12 Years a Slave (2013)
di Steve McQueen
Chiwetel Ejiofor (Solomon Northup)
Michael Fassbender (Edwin Epps)
Benedict Cumberbatch (Ford)
Paul Dano (Tibeats)
Paul Giamatti (Freeman)
Lupita Nyong'o (Patsey)
Sarah Paulson (Mistress Epps)
Brad Pitt (Bass)
Ci sono una vita tranquilla in famiglia a passeggio per i giardini del multirazziale e industrializzato Stato di New York, una trappola da parte di un duo di finti musicisti in cerca di talenti del violino per spettacoli di circo, una cena a Washington con tanto alcol e poi un risveglio in catene tra percosse e umiliazioni. Solomon Northup viene derubato della sua identità di uomo libero e spedito su un negriero negli Stati Confederati dove la schiavitù è lecita e finisce nelle mani di due proprietari terrieri a coltivare cotone e subire le angherie di quest'ultimi o degli altri bianchi che dettano legge nella tenuta privata. Ci sono le lacrime, il sudore, il duro lavoro, la solidarietà tra "inferiori" con tanto di dolce sipario musicale con neri e nativi che s'incontrano nei boschi, gli ordini da eseguire, il conteggio delle libbre raccolte, la gelosia di una moglie del sud verso una schiava prediletta, la violenza, le impiccagioni.
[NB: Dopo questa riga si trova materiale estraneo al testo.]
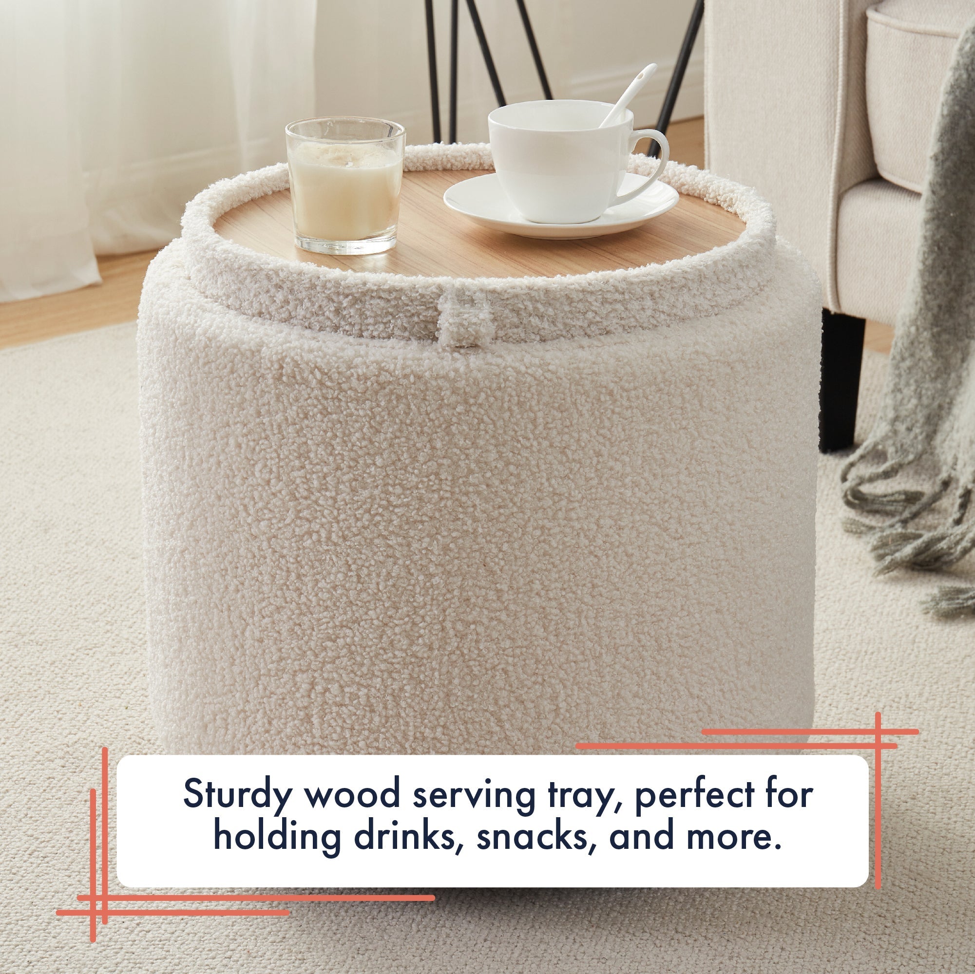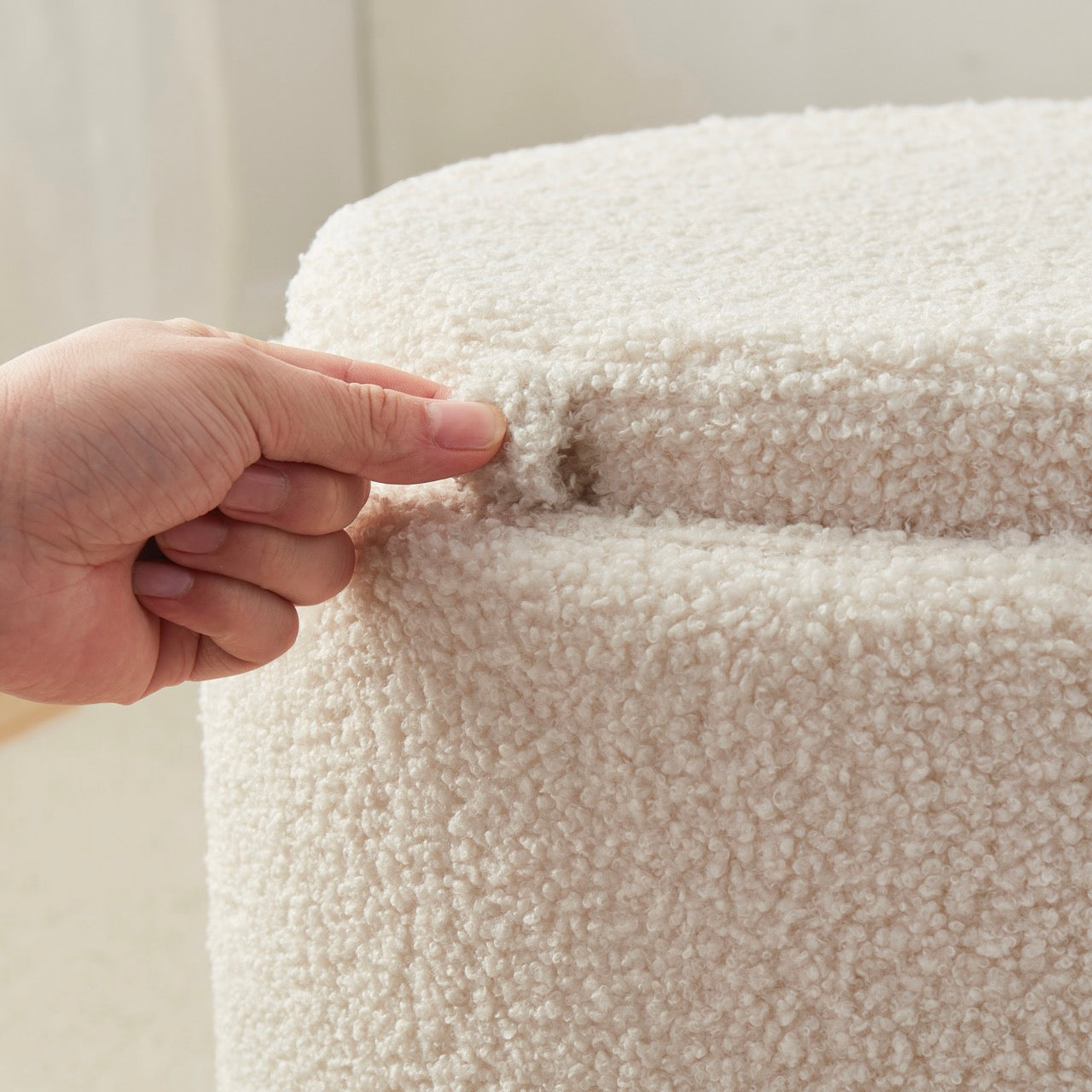 DURABILITY - Enjoy long-lasting performance with this highly durable boucle fabric ottoman. It's designed to withstand daily use in your home and is perfect for storing all of your household items, such as blankets, magazines, and more.

A mancare sono le provocazioni e lo studio sull'immagine a cui ci aveva abituato il nero regista londinese di Hunger e Shame, così come un approfondito lavoro sulla psicologia dei personaggi che sanno di già visto da un secolo di cinema che affronta il dramma dello schiavismo. La pellicola è lineare, lenta, mostra l'orrore sempre in campo con esibizioni di body art tra schiene segnate dalla frusta e un dolore lancinante di cui il regista ci rende partecipi con l'accompagnamento musicale retorico e pomposo di Hans Zimmer.
Un film fatto e pensato per l'Oscar, 9 nominations, destinato al grande pubblico e che vuole sedurre e commuovere l'America di Obama che dopo Django Unchained e The Butler rispolvera la sua coscienza riflettendo su una delle barbarie che fu alla base della "nascita di una nazione". Delle più di due ore di visione la scena che rimane e che davvero colpisce allo stomaco è l'impiccagione del protagonista, con un tempo dilatato in cui il silenzio e l'indifferenza forzata dei personaggi sullo sfondo fanno da contraltare al degrado della condizione umana.
Il resto è convenzione e un grandissimo Fassbender.